Today's check-in with my oncologist meant a noon visit to the UCSF clinic in the city. Having juggled my schedule with very supportive colleagues, I left my students with familiar teachers rather than a substitute and got in the car at 11 to head south down the 101. Many positives came to mind as I headed in for this let's-hope-it's-banal visit:
- I am feeling just fine. No symptoms prompted this trip.
- This commute is even closer than that familiar trek to VCU - and of course - I reap the happiness that comes from traversing the Golden Gate, viewing the crystal clear city from the Marin Headlands, and taking in the great architecture as I head up to Parnassus Heights.
- Every month ... week ... day! ... that passes without relapse brings me a bit more hope that this dread lymphoma might have proven defeatable or might be banished once again if it does indeed recur.
In anticipation of those scans, we discussed possible options IF the scans continue to be clear.
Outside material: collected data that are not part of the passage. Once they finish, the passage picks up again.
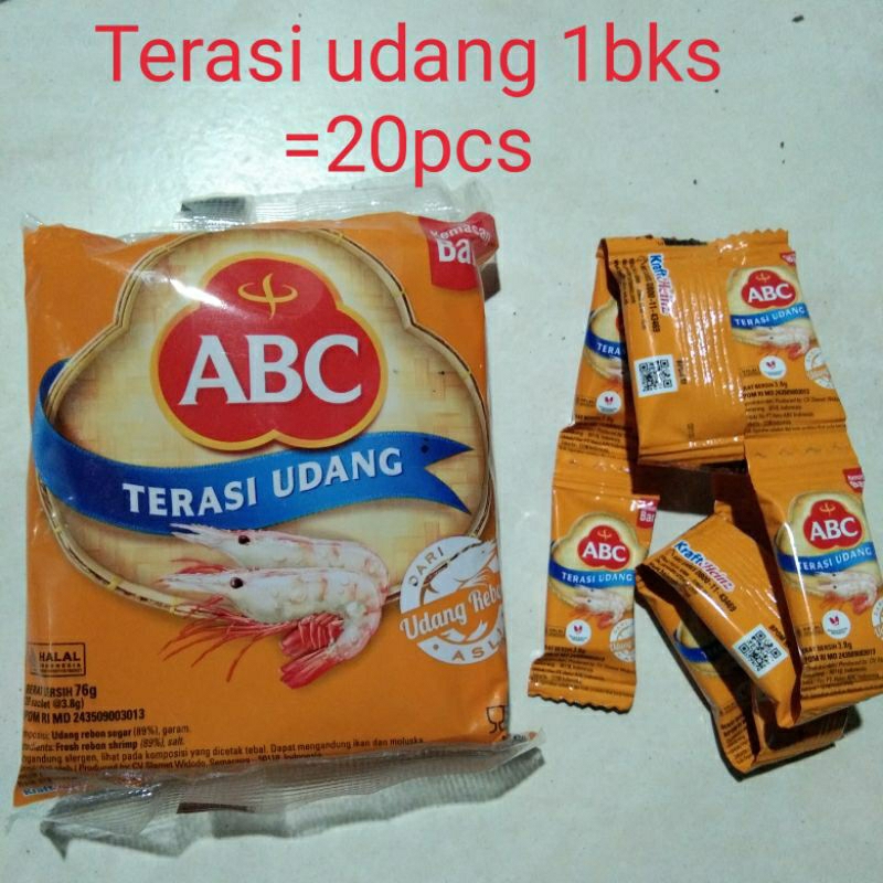 Terasi udang ABC terbuat dari udang rebon asli yg d kemas sesuai takaran sekali sambelan yg tak kurang/lebih dlm sekali makan tuk keluarga tercinta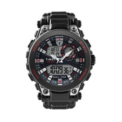 We’re pushing digital into the future with our DGTL Ana-Digi. The analog and digital combination display looks complicated, but is easy to use. Built to keep up with your active lifestyle, this watch features a stopwatch, daily alarm, second time zone, water-resistance up to 50 meters and our INDIGLO® backlight.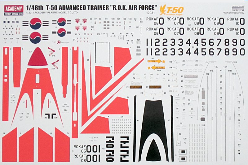 Bausatz: Der koreanische Hersteller Academy bringt mit diesem Modell nach längerer Zeit mal wieder einen neuen Bausatz in 1/48 heraus. Das Objekt ist der landeseigene Trainer T-50 Golden Eagle und wäre wohl von keinem anderen größeren Hersteller herausgebracht worden. Positiv für Academy würde sich sicher ein Entscheid Israels für den Trainer auswirken, aber auch so wird es weitere Varianten des Flugzeugs geben.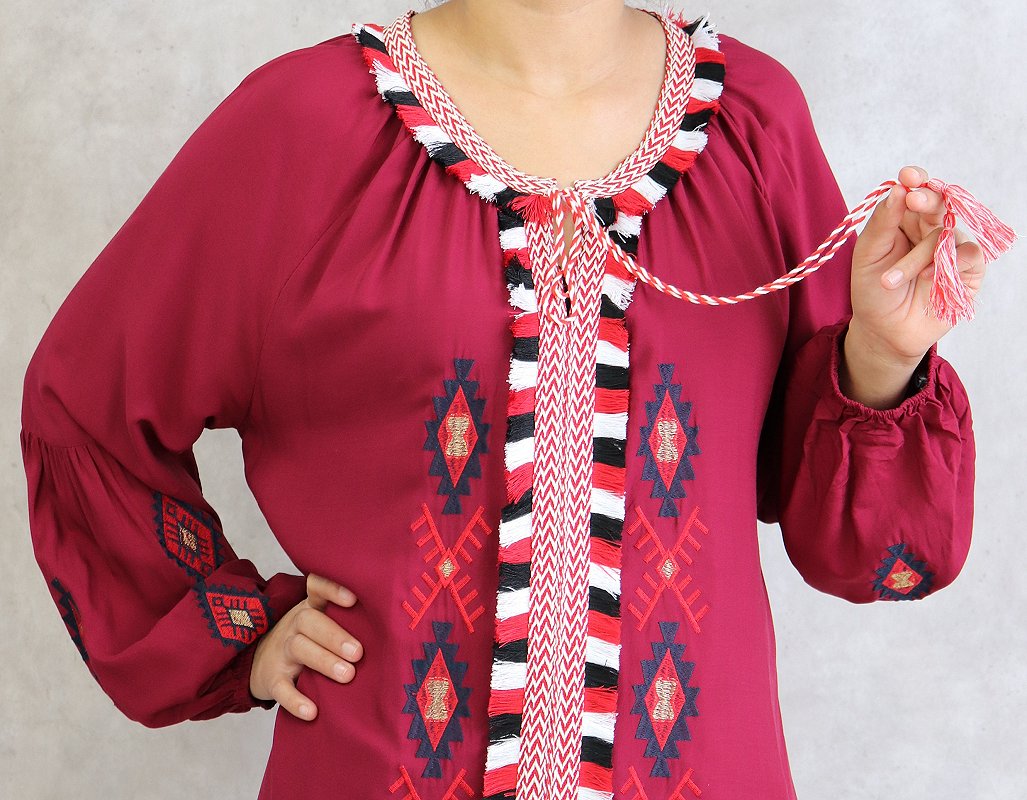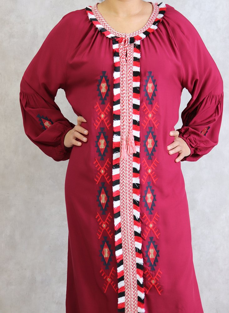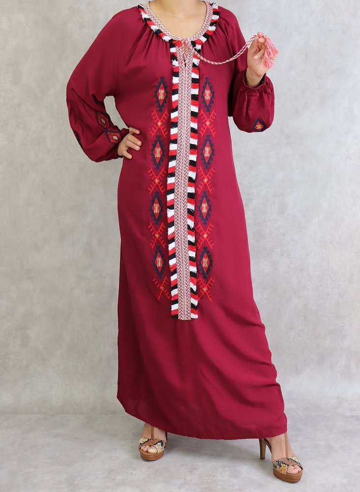 Robe longue avec motifs dorés broderies et pompons pour femme - Couleur bordeaux - REF. 33587 (29.00 €)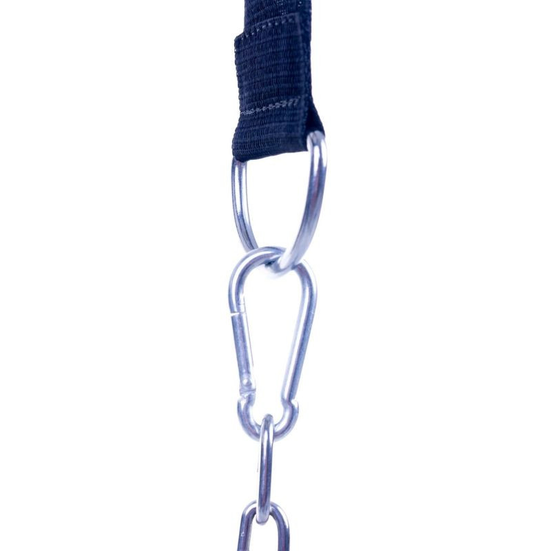 Owalna klamra, którą zakończone są taśmy zapewnia płynną pracę łańcucha z obciążeniem ułatwiając wykonywanie ćwiczeń.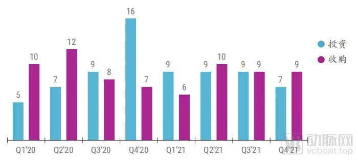 包括谷歌在内的美国5大科技企业(谷歌、微软、亚马逊、苹果和Facebook),整体的收购趋势开始放缓。对外的股权投资数量在2020年的波动之后,2021年开始趋于稳定。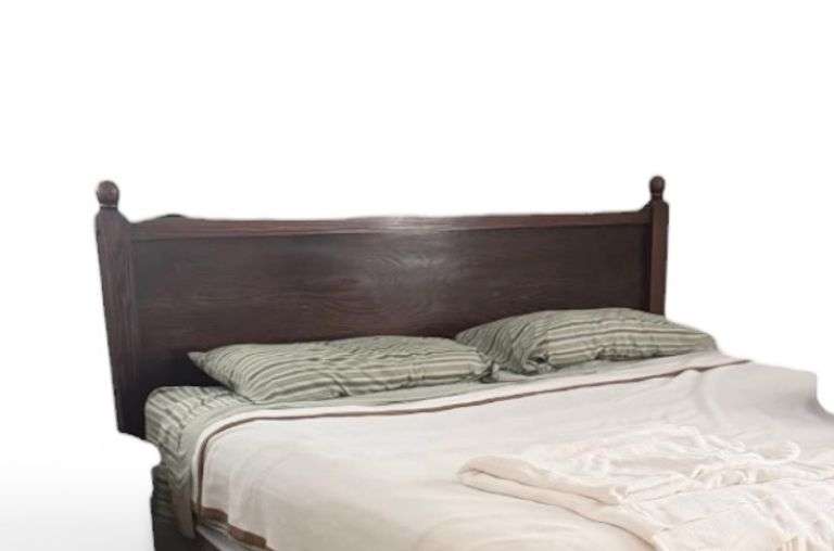 Solid wood headboard with Restonic comfortcare Penn Supporting Dreams mattress (if so desired). Includes headboard, rails, and mattress. Located on first floor.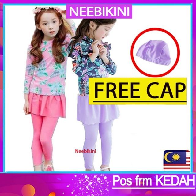 Swimming Suit Girl Free Cap Baju Renang Budak Perempuan Shopee Malaysia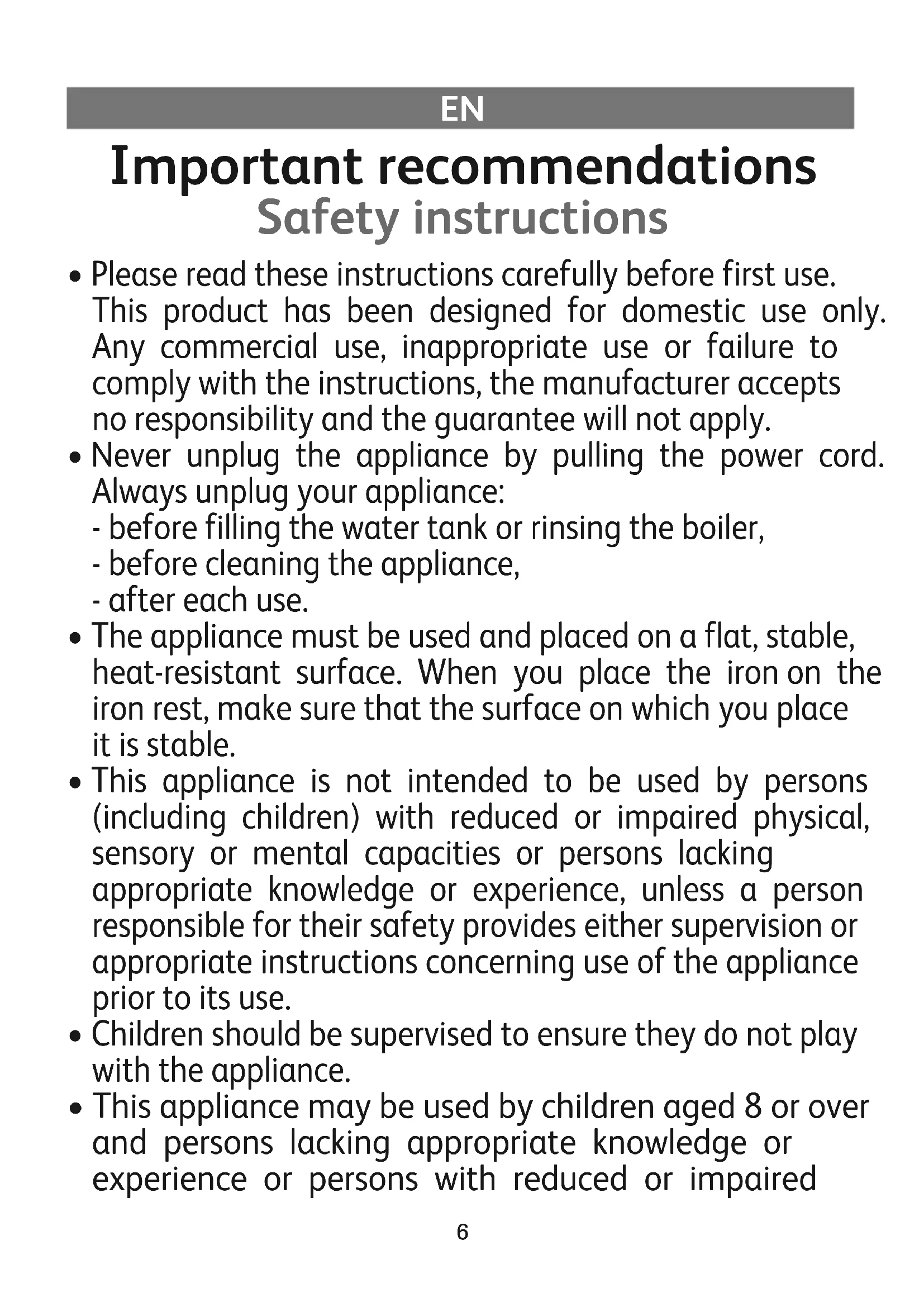 - The appliance must be used and placed on a flat, stable, heat-resistant surface. When you place the iron on the iron rest, make sure that the surface on which you place it is stable.

At that point, I may go to scans every 6 months and will have the option of having my port removed. Hmmmm.... my love / hate relationship with the port continues. Yes, I want it OUT. Who wants a foreign object in their body with a direct link to your aorta? However, once it's out, I cannot imagine how devastating it would be to have to get it reimplanted for treatment in case of a relapse. Relapse made real. I need to think this option through carefully.... but let's get another clean scan first.